Of course, we only learned this after Chris called the manager and asked him “How did you come by this information?” Interesting that we didn’t learn this from the sheriff. The manager also told Chris that he never even saw me at the gas station. Also interesting that the sheriff told me that the manager identified both of us as “the couple” from our driver’s license photos. The officer assumed that the manager got our license plate # at the restaurant instead of a day later at a town 50 miles north. The officer also knew that the reservation was made by a woman named “Kim,” yet he didn’t think that was odd, nor did he think it noteworthy that a manager, and not a wait person, was the one to identify the people skipping out.
The sheriff assumed right from the start that we were guilty. He kept saying “eye witness identification.” The whole thing was very upsetting and was framed immediately by the deputy as “warrant for your arrest” and “criminal charges.” Even though no official report had yet been filled out. Of course we know about the reliability of eye witness ID.
It was pure luck that we got out of this because we happened to have a credit card charge for the same day/hour in a town 50 miles north that we could prove.

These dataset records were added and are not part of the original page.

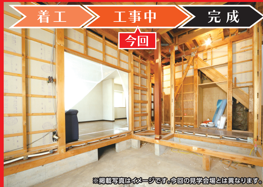
※掲載写真はイメージです。今回の見学会場とは異なります。
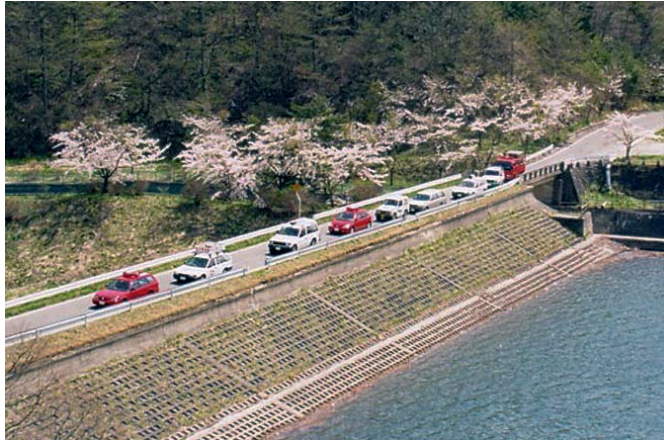
林野火災予防のパレード（飯館村）
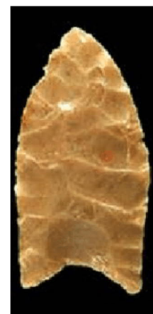
Rys. 1.1.1b. Ostrze kultury Clovis
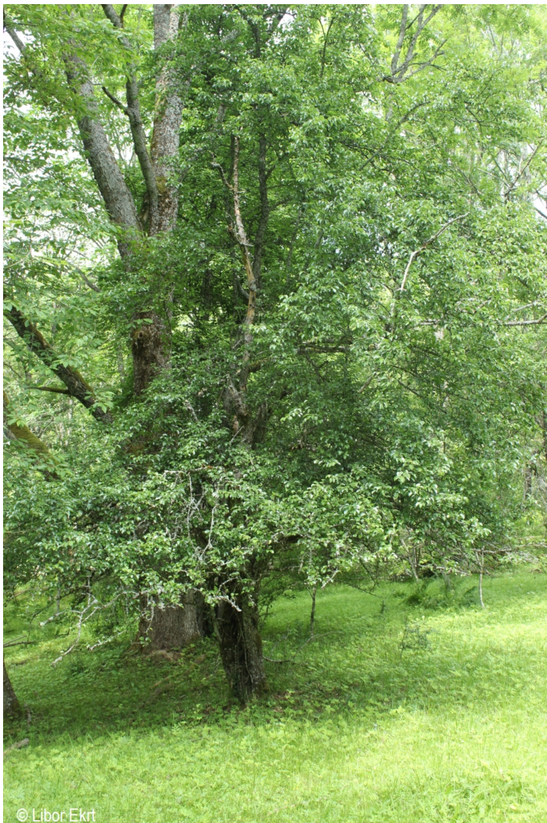
Pyrus communis – Libor Ekrť – Pestřický vrch.
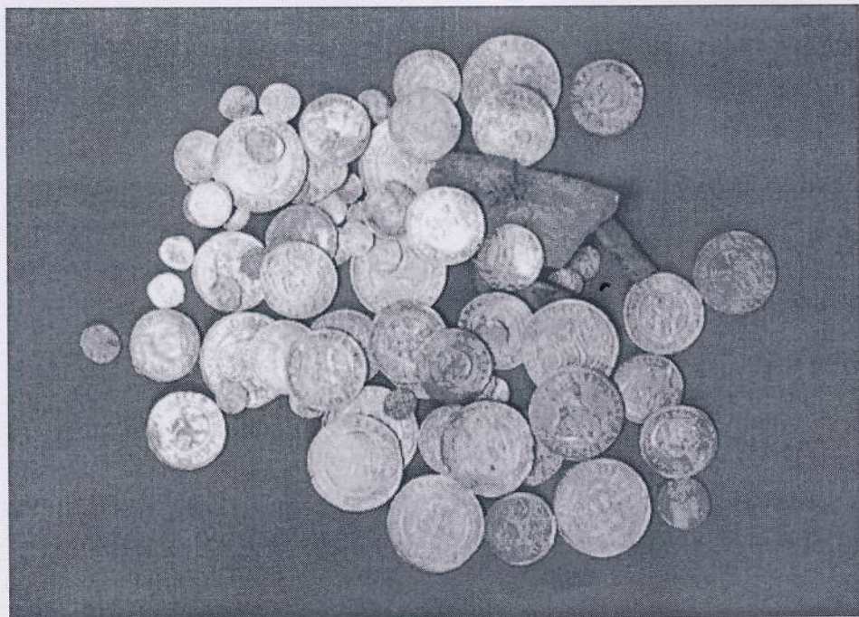
I St. Magleby blev der i 1989 fundet en skat i der ligner den fra Tømmerup. Den yngste mønt her var fra 1657. Det er mønterne fra denne skat, der er på billedet. Skatten opbevares på Amagermuseet.

1655, så den må være gravet ned under krigen. Ejeren af skatten nåede aldrig at grave den op igen, eller fortælle sin familie, hvor den var gravet ned.
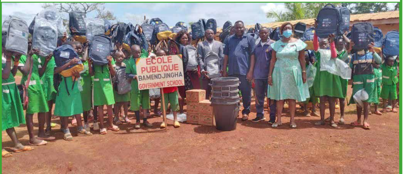
Coopération ASCOVINE-Commune de Babadjou : don de cartables et de matériels didactiques dans les établissements de la Commune de Babadjou
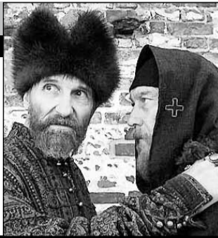
Россия, 2009, режиссер Павел ЛУНГИН
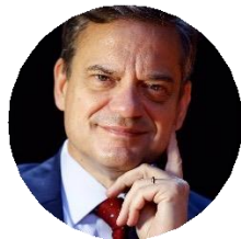
Lorenzo Bini Smaghi Presidente di Société Générale
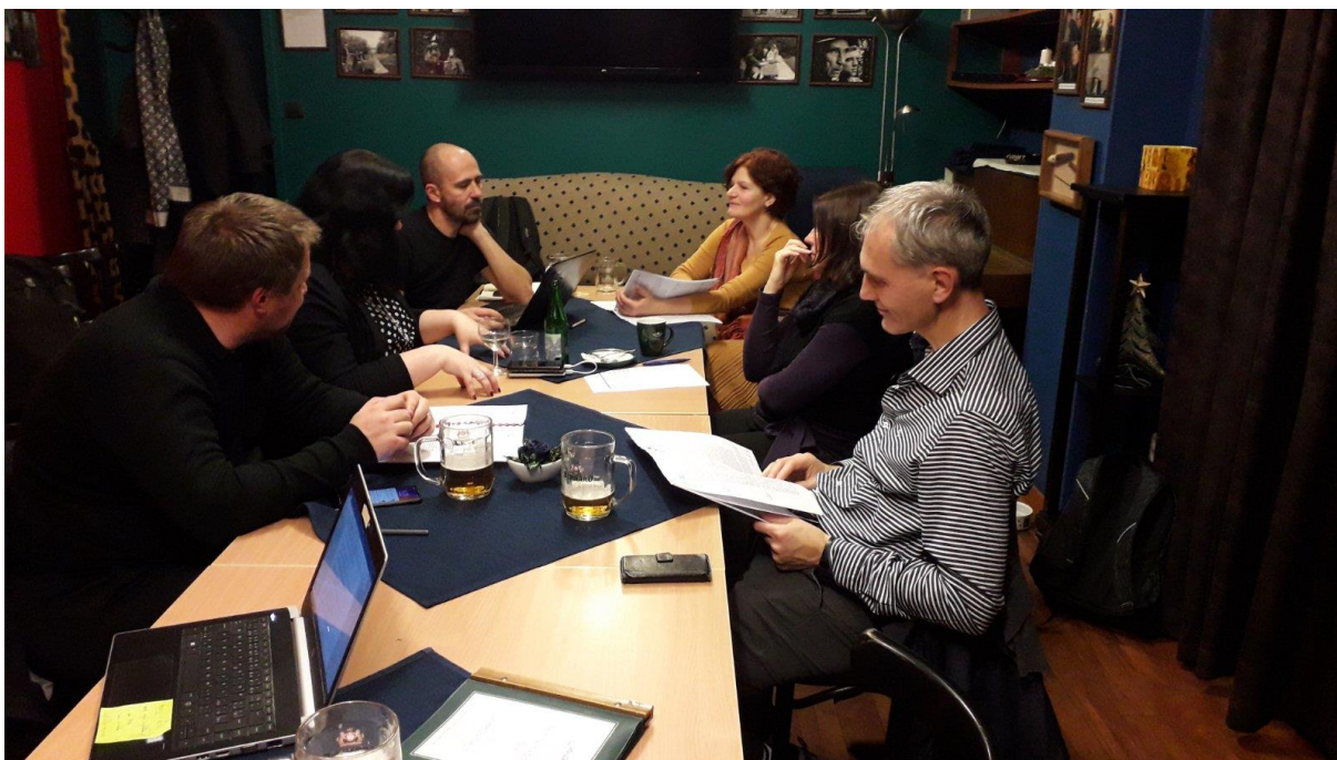
Správní rada IPSI, prosinec 2019
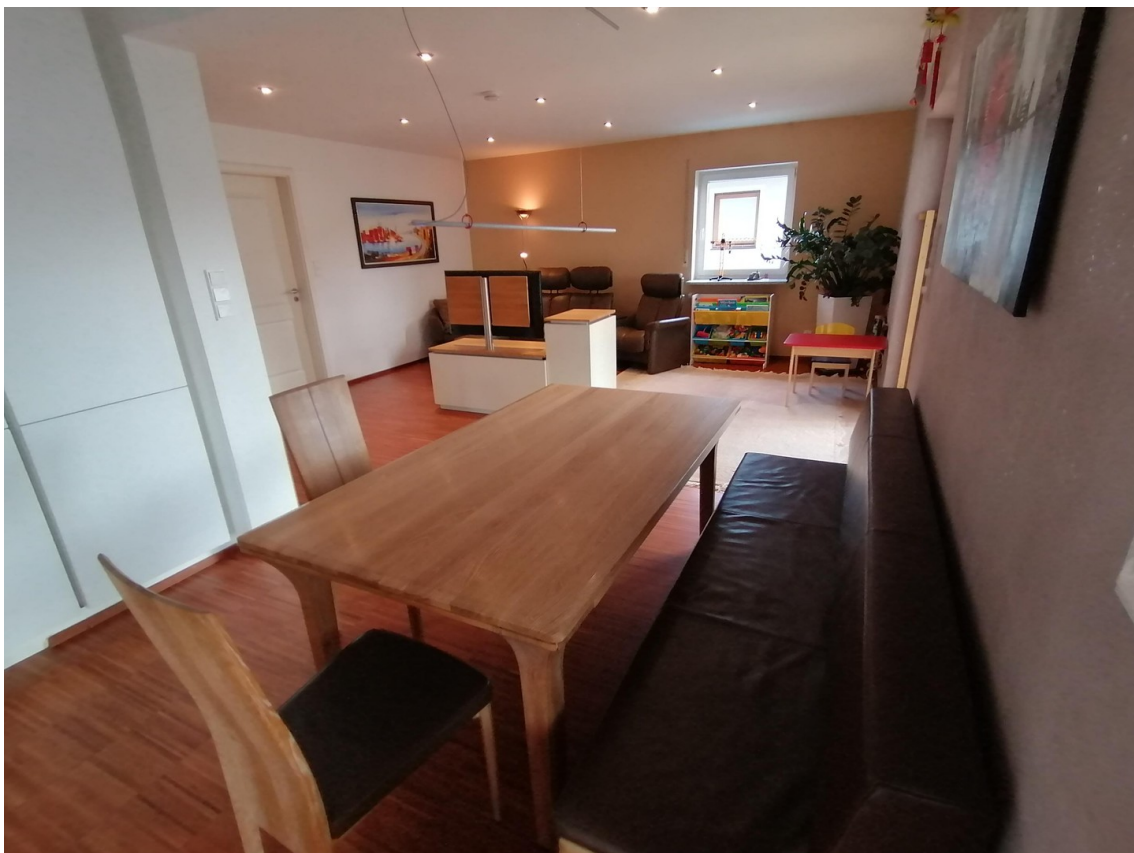
Essbereich und Wohnzimmer
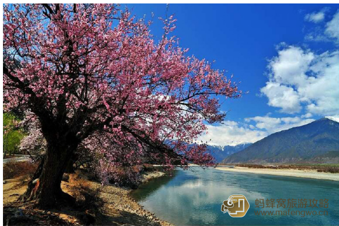
心在旅途 尼洋河春色

尼洋河是雅鲁藏布江的一条支流，传说是神山流出的悲伤的眼泪。尼洋河两岸森林植被完好，河水清、含沙少，是工布江达的母亲河。在拉萨通往林芝的路上，翻过拉萨河与尼洋河的分水岭——海拔5013m的米拉山口，继续往东，就进入了尼洋河河谷。尼洋河在源头是一条细流，到了中游以下，河面越来越宽，水流也渐渐平缓下来，在林芝县附近汇入雅鲁藏布江。尼洋河之美在于水色，清澈、翠绿，飞溅起洁白的浪花。尼洋河有一处叫做中流砥柱的岩石景观，像一枚带纽的四方印章，约一幢别墅大小，矗立在尼洋河激流中心，河水冲击到这块巨石上，溅起一片浪花，翻滚激荡，夺路而去。
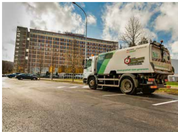
Blokové čištění se provádí od dubna do října.

Technické služby Zlín jsou plně vlastněny městem, zaměstnávají asi 200 pracovníků, kteří mají k dispozici bezmála stovku vozidel a strojů. Starají se o odpadové hospodářství, údržbu komunikací a chodníků, provoz parkovišť a veřejného osvětlení. [jln]
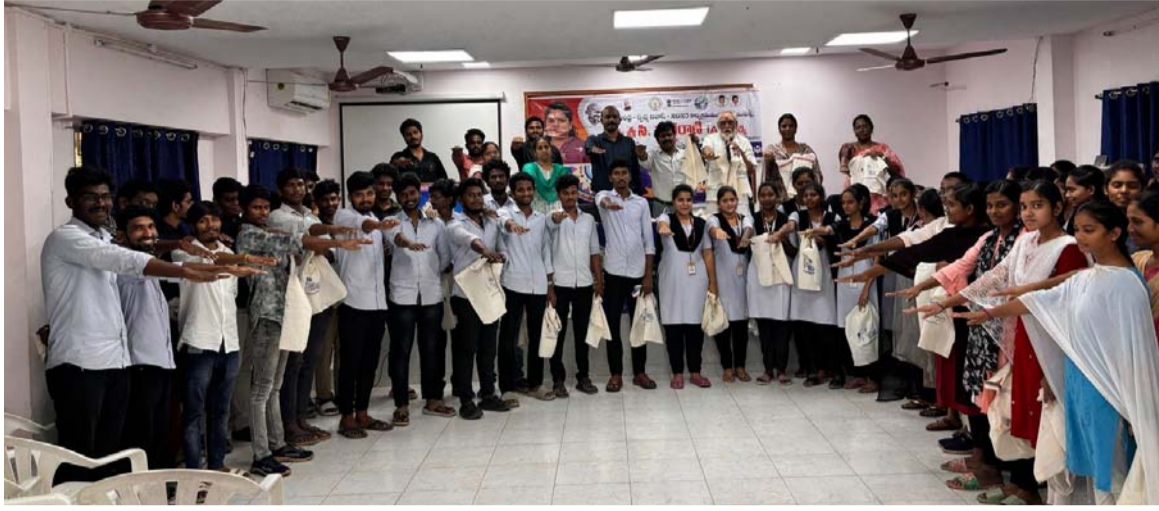
అక్షరవిజేత, భీమవరం :
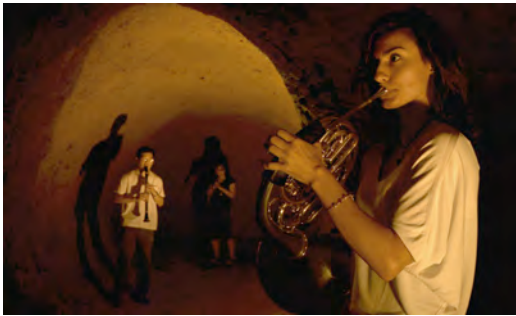
Musik in der Grotte
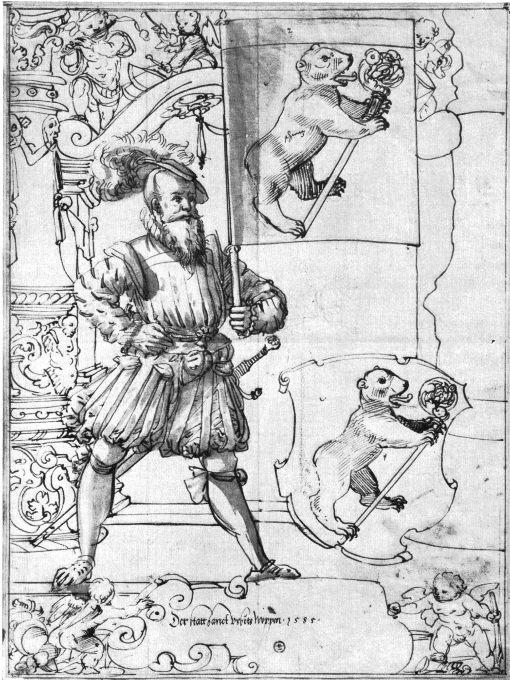
Carton de vitrail aux armes de St.-Ursanne, 1585
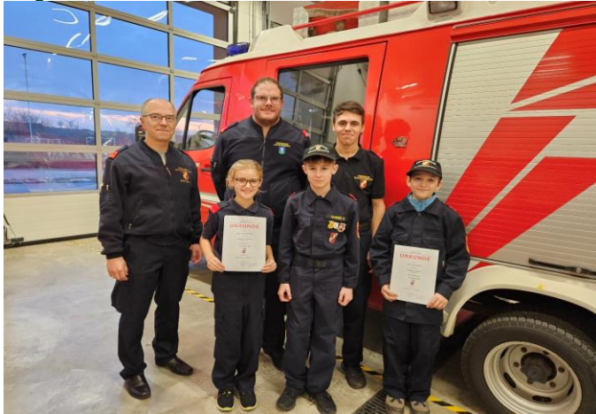
Foto nach der Erprobung

Zusätzlich wurden (per Stand 28.11.2024) 28 FJ - Stunden abgehalten.
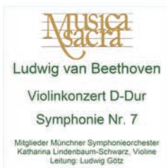
Beethoven: Violinkonzert D-Dur & Symphonie Nr. 7

Marina Ulewicz, Martin Danes, Musica-Sacra-Chor, Mitglieder Münchner Symphonieorchester, Leitung: Ludwig Götz (live 2007, DDD)
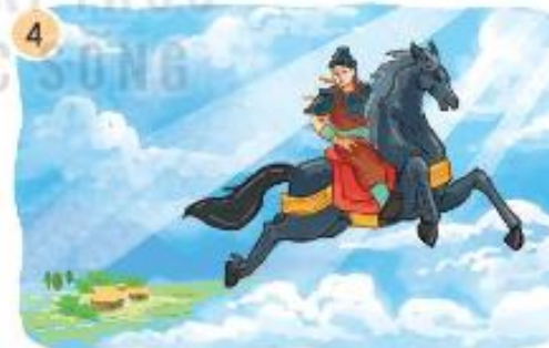
Sau khi đánh đuổi giặc Ân, Gióng đã làm gì?
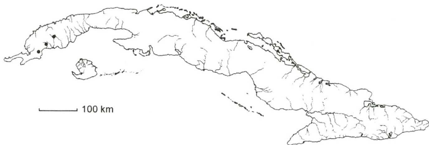
Mapa 1. Osmunda cinnamomea L.
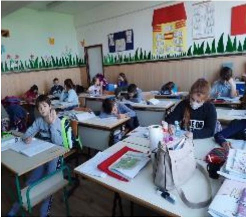
Израда домаћих задатака
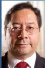
Luis Alberto Arce Catacora PRESIDENTE

FB: Vigilia del Consulado de Bolivia Juana Azurduy Correos: vigiliajuanazurduy@gmail.com comunicacioncontraelgolpe@gmail.com
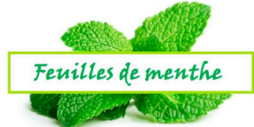
Feuilles de menthe
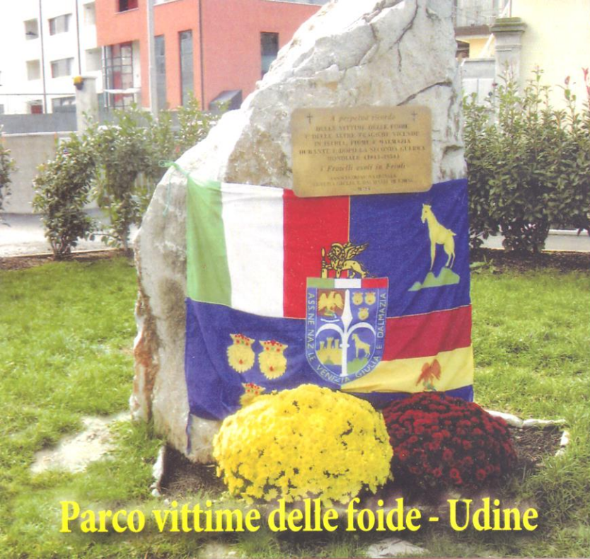
Parco vittime delle foide - Udine

† A perpetuo ricordo † DELLE VITTIME DELLE FOIBE E DELLE ALTRE TRAGICHE VICENDE IN ISTRIA, FIUME E DALMAZIA DURANTE E DOPO LA SECONDA GUERRA MONDIALE (1943-1954)
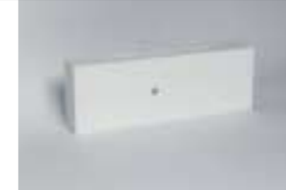
Verteiler VT 60 DA aP** 100058201 Verteiler VT 60 DA uP** 100058211 (ohne Abb.)
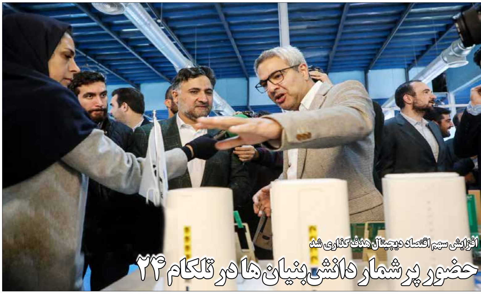
افزایش سهم اقتصاد دیجیتال هدف گذاری شد
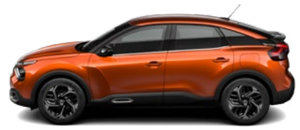
HNEDÁ CAMEL (M)
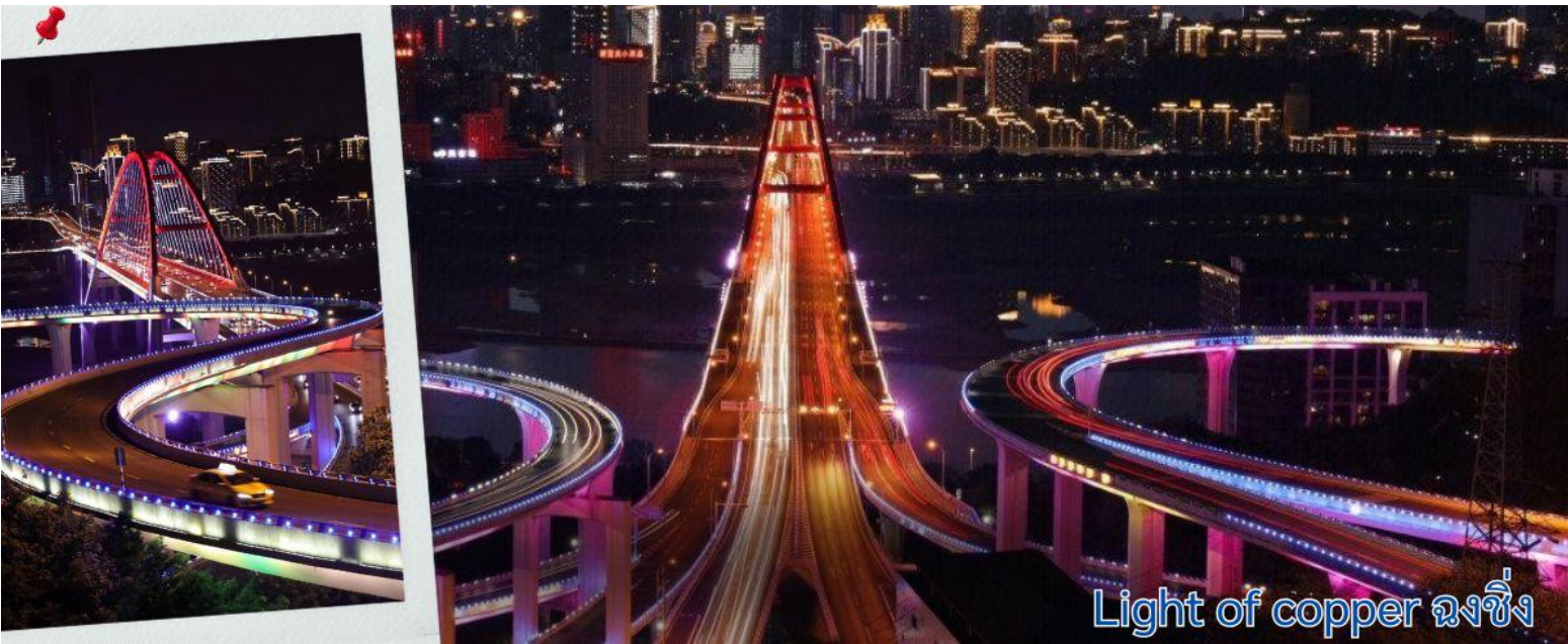
Light of copper ฉงชิ่ง

แนวถ่ายภาพวิวที่ Light of copper ฉงชิ่ง เป็นจุดชมวิวยอดนิยมในมหานคร ฉงชิ่ง ประเทศจีน ซึ่งได้รับความนิยมอย่างมากในกลุ่มนักท่องเที่ยวและช่างภาพ จุดชมวิวยกระดับโดดเด่นด้วยทางเดินลอยฟ้าทรงกลมที่เชื่อมต่อกันสามารถมองเห็นวิวพาโนรามาของ สะพานจูเจียป่า (Sujiaba Interchange) ที่โค้งไปมาอย่างซับซ้อน และสะพานข้ามแม่น้ำแยงซีเกียง ไช่หยวนป่า (Caiyuanba Bridge) ท่ามกลางตึกสูงระฟ้าบรรยากาศยามค่ำคืน เมื่อเปิดไฟเมืองในช่วงค่ำจะเห็นแสงสีทองและสีทองแดง สะท้อนความงดงามของ "เมืองภูเขา" ได้อย่างชัดเจน

It was at a hotel that we decided on a total lark to stay in. Otherwise, we’d be dealing with this for the next few days and be wrongfully accused, or more likely, out the price of someone else’s dinner.
My advice to you? Make sure you wear mis-matched clothing wherever you go (that way people will remember you), take pictures of people who see you (with time stamps), and geo-track your every step, because you never know when you might narrowly miss arrest, or have to pay $110 to get off the hook.